The film premiered on 25 April 2024 at the 46th Moscow International Film Festival (MIFF).

== Plot ==
Actors Mark and Chingiz arrive in Varanasi to take part in an arthouse film shoot led by director Roman. During production, Mark begins a relationship with a Russian woman named Sveta. Tensions arise between personal relationships and the filmmaking process, leading to disappearances, stalled shooting, and conflicts between the director and his cast.

As the boundaries between life and cinema blur, Roman attempts to incorporate reality itself into the film.
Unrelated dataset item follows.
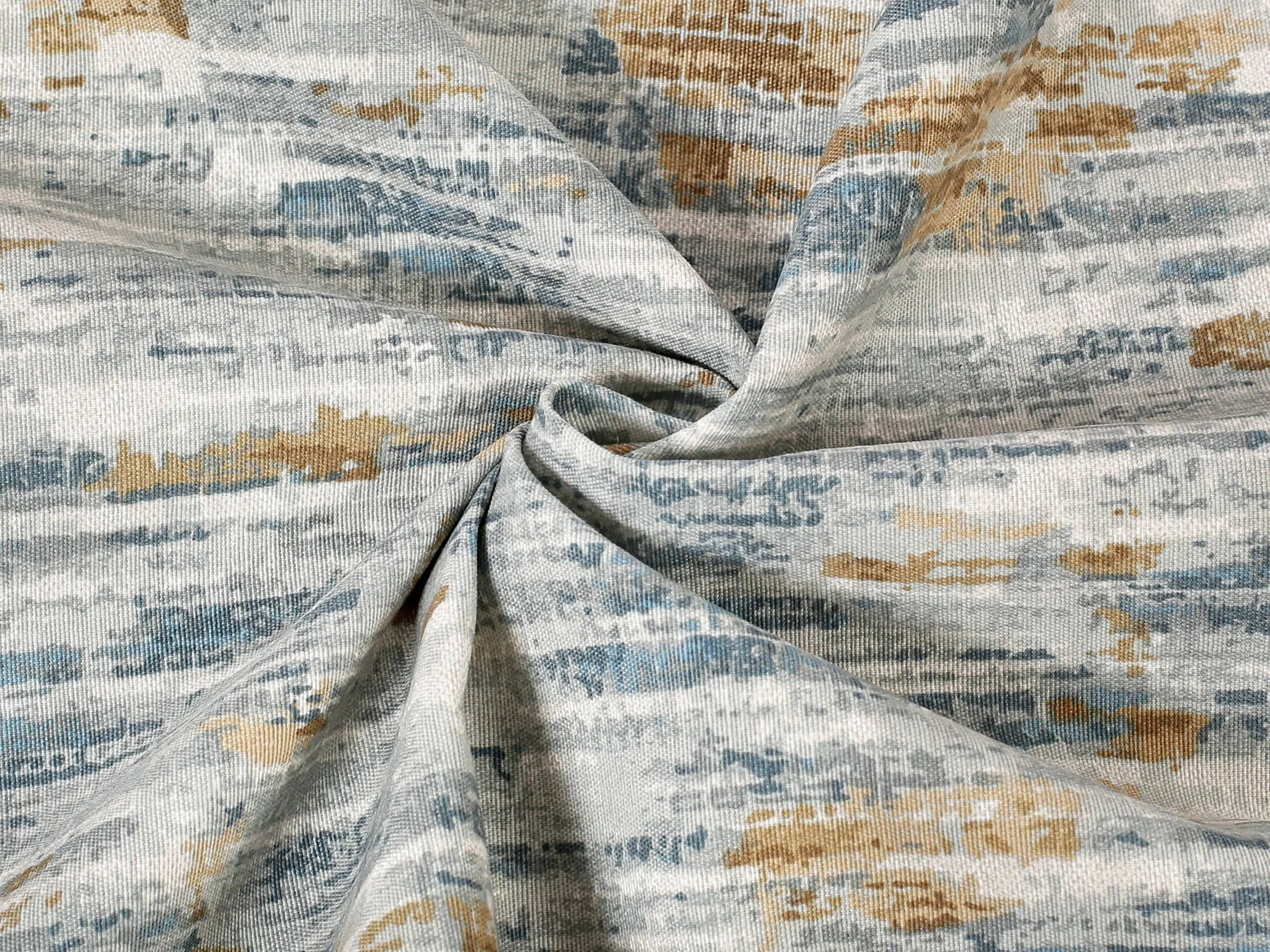 Nabízíme ji v šíři 140 cm a je k dispozici v zajímavém vzoru petrolejové žíhání a podkladové šedé barvě.

The final scenes emphasize love as both subject and method, culminating in the director’s assertion that “we should make movies about love.”

== Cast ==
- Mark Eydelshteyn as Mark
- Darya Bryukhanova as Sveta
- Roman Mikhaylov as Roman, director
- Alexandra Kiseleva as Sasha, actress
- Maria Matsel as Masha, actress
- Illarion Marov as Larik, actor
- Chingiz Garaev as Chingiz, actor
- Dmitry Kuznetsov (Husky) as Dima (Husky), musician
- Alina Nasibullina as assistant director

== Release ==
=== Marketing ===
A teaser was released on 17 March 2024. Mikhaylov described the film as a parable about the fragmentation of the world and its healing through love.

=== Theatrical ===
The world premiere took place in the "Russian Premieres" competition at the 46th MIFF, where seven films competed.
The film received two awards at the festival.

== Awards ==
- 2024 — Moscow International Film Festival 2024: NETPAC Jury Prize (“For reflecting tenderness in the waters of the Ganges”)
- 2024 — MIFF: Prize of the Federation of Film Clubs (‘‘Russian Premieres’’ competition)

== Critical reception ==
The film received positive reviews from Russian critics.